Een groot deel van het onderzoek naar dyslexie gebeurt door één van onze dyslexiespecialisten, steeds onder eindverantwoordelijkheid van een GZ-psycholoog.
De dyslexiespecialist bestudeert -indien beschikbaar- eerst de informatie van school. De school verstrekt informatie over bijvoorbeeld de klachten, uitgevoerde handelingsplannen en resultaten van de geboden hulp.

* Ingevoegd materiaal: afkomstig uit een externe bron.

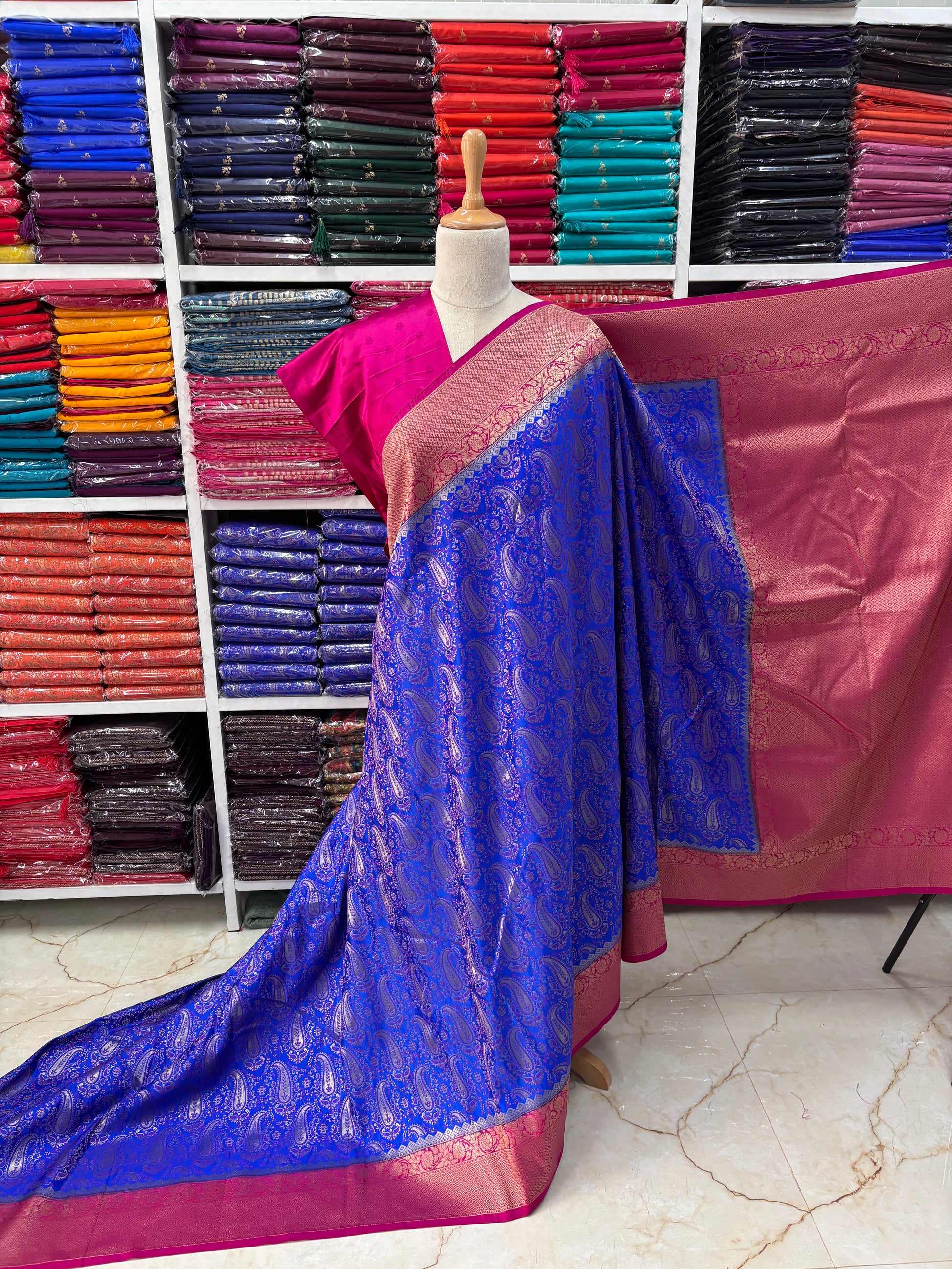 Brocade Semi Mysore Crepe (Meena with Banarasi Border)

De dyslexiespecialist brengt tijdens het intakegesprek met de cliënt de klachten in beeld. Hij of zij gaat na hoe lang de problemen bestaan, hoe ernstig ze zijn, wat er in het verleden aan gedaan is en met welk resultaat. Ook worden de motivatie, inzet, beleving en sterke kanten van de cliënt in kaart gebracht.

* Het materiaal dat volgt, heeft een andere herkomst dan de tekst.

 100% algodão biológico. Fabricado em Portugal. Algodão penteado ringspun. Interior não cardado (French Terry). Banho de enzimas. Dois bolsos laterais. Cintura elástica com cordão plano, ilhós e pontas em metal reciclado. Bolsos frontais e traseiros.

Het orthodidactisch onderzoek bestaat uit drie onderdelen. Eerst onderzoekt de dyslexiespecialist de technische leesvaardigheid. De cliënt krijgt uiteenlopende leestaken aangeboden, bv. eenvoudige woorden, complexe woorden en teksten. De dyslexiespecialist bekijkt zowel de scores als de manier van lezen (het leesproces), om hieruit aanwijzingen voor de advisering te verkrijgen. Dan onderzoekt de dyslexiespecialist de spellingvaardigheid. De cliënt krijgt een dictee en een spontane schrijfopdracht aangeboden. Dan volgt een spellingstrategieonderzoek. Bij spellingtaken is het belangrijk te achterhalen welke fouten de cliënt maakt, maar ook welke oplossingsstrategieën hij of zij hanteert. Deze gegevens zijn wederom nodig om een goed advies te geven. Tenslotte zoekt de dyslexiespecialist naar de verklaringen van de lees- en/of spellingproblemen. Bij mensen met dyslexie zien we vaak problemen in het geheugen, de klankverwerking en/of het snel benoemen.
Na afloop van het orthodidactisch onderzoek worden alle gegevens geanalyseerd, conclusies getrokken en wordt een orthodidactisch rapport geschreven. Hierin staat tevens adviezen voor de begeleiding.